Molecular Basis of Heart Development


Madhu Gupta

Rene A. Arcilla

Mahesh P. Gupta



Overview

Heart development results from a complex but highly integrated series of interactions involving various cell types of diverse origins. These are carried out in a strictly regulated environment at both genetic and epigenetic levels. This chapter focuses on the molecular control of the sequential processes involved in heart development, from cardiac progenitors through the fully developed four-chambered heart. Recent advances in cardiomyogenesis, including commitment, differentiation, and modulation of cardiac muscle gene expression, are described. The critical role of the neural crest to cardiac development and the genetic basis for cardiac malformation are also discussed.

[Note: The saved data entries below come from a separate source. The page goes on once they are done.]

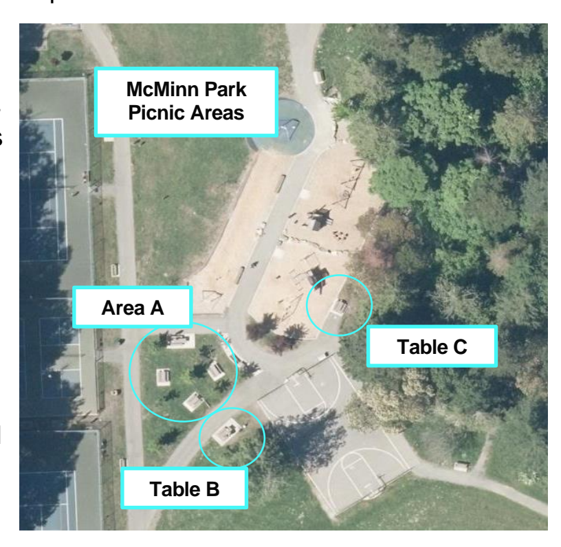
Table C: This is one (1) table and can seat 6 comfortably. Located beside the playground.

Google map link: https://goo.gl/maps/oAcNgj8NTdx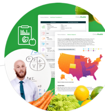
Food as Medicine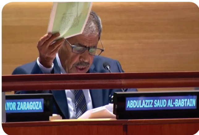
Abdulaziz Saud Albabtain during his speech at the General Assembly of the United Nations, presenting the model manual prepared by the Foundation for the education of Culture of Peace at all levels of education around the world. (September 5, 2018)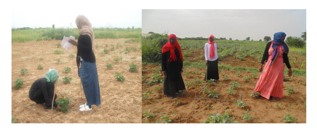
Figure 4: Plant density

Density in vegetation measurement refers to the number of individuals per unit area, for example number of plants/m<sup>2</sup>. On the same fixed quadrate of (1 \times 2m) plant density of cowpea was counted as number of plants/m<sup>2</sup> and recorded.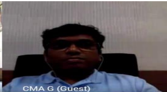
CMA G (Guest)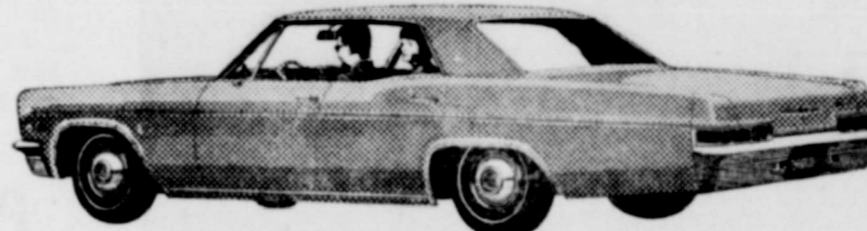
Impala Sport Sedan.

Molecular Changes During Heart Development

The heart is a unique organ. Its development begins shortly after the onset of embryogenesis, and it is functional long before other parts of the embryo are discernible. The process of heart development follows a complex series of events involving highly integrated and programmed morphogenetic interactions among the cells of various origins. In this section, we briefly describe the molecular changes at various morphologic stages, starting from cardiac primordia through the fully developed four-chambered heart. Table 100.1 summarizes the important genes and their functions in vertebrate heart development.


Cardiac Progenitors

For all vertebrates, the heart is derived from cells in the anterior lateral plate mesoderm (LPM), arranged in bilateral fields on either side of the precordial plate and rostral notochord. Heart specification occurs by about Hamburger Hamilton (HH) stages 3 to 4in chicks (1) and by embryonic day (E) 6.5 to 7 in mouse. In the case of humans, it occurs during the third week of embryogenesis, right after gastrulation when three germ layers are formed and simple diffusion alone is no longer adequate for the nutritional requirements of the embryo. The precursor cells of the myocardium and endocardium, and associated extracellular matrix (ECM), are colocalized in the epiblast, which ingresses through the primitive streak until the late streak stages to form bilateral heart-forming regions. In mammals and birds, the bilateral fields merge at their anterior margins to form the so-called cardiac crescent. Recent studies have identified a second type of heart field (anterior heart-forming field) located medially, adjacent to the cardiac crescent, which eventually gives rise to the anterior heart structures of the outflow tract (OT) (2). Both inductive and repressive signaling from adjacent germ layers regulate participation of mesodermal cells in the heart forming regions. The inductive role of the anterior endoderm has been shown in chick embryos; removal of these cells at HH4 prevented heart formation (3). Explants of the anterior endoderm/mesoderm underwent terminal differentiation whereas those from the anterior ectoderm/mesoderm or posterior endoderm/mesoderm did not (4). One of such inducers include bone morphogenetic proteins (BMPs), which belong to the transforming growth factor (TGF)-β superfamily of extracellular signaling peptide of which multiple members are
expressed in highly localized pattern and regulate expression of key transcription factors in cardiogenic mesoderm including Nkx2-5 and T-box (Tbx) factors (5). Fibroblast growth factor (FGF) also plays an inductive role. In the mouse embryo, FGF10 is expressed in the cells of the anterior heart forming region; in association with BMPs, it acts as an inducer for Nkx2-5 expression. The boundaries of the heart-forming regions are also delineated by repressive signals mediated by members of Wnt family that, in vertebrates, restrict the domains in which BMPs and FGFs can elicit cardiogenic response. Overexpression of Wnt3A and Wnt8 in frog embryos, or exposure of the heart field cells in chick embryos to Wnt3A and Wnt1, blocks expression of Nkx2-5, Tbx5, and cardiac differentiation (6,7). There are also endogenous Wnt antagonists, Crescent and Dkk-1, which are diffusible molecules expressed in the anterior endoderm and create a zone of low WNT signaling in the adjacent precardiac mesoderm, thereby delineating bilateral regions of anterior mesoderm capable of responding to the endoderm-derived cardiogenic signals (7).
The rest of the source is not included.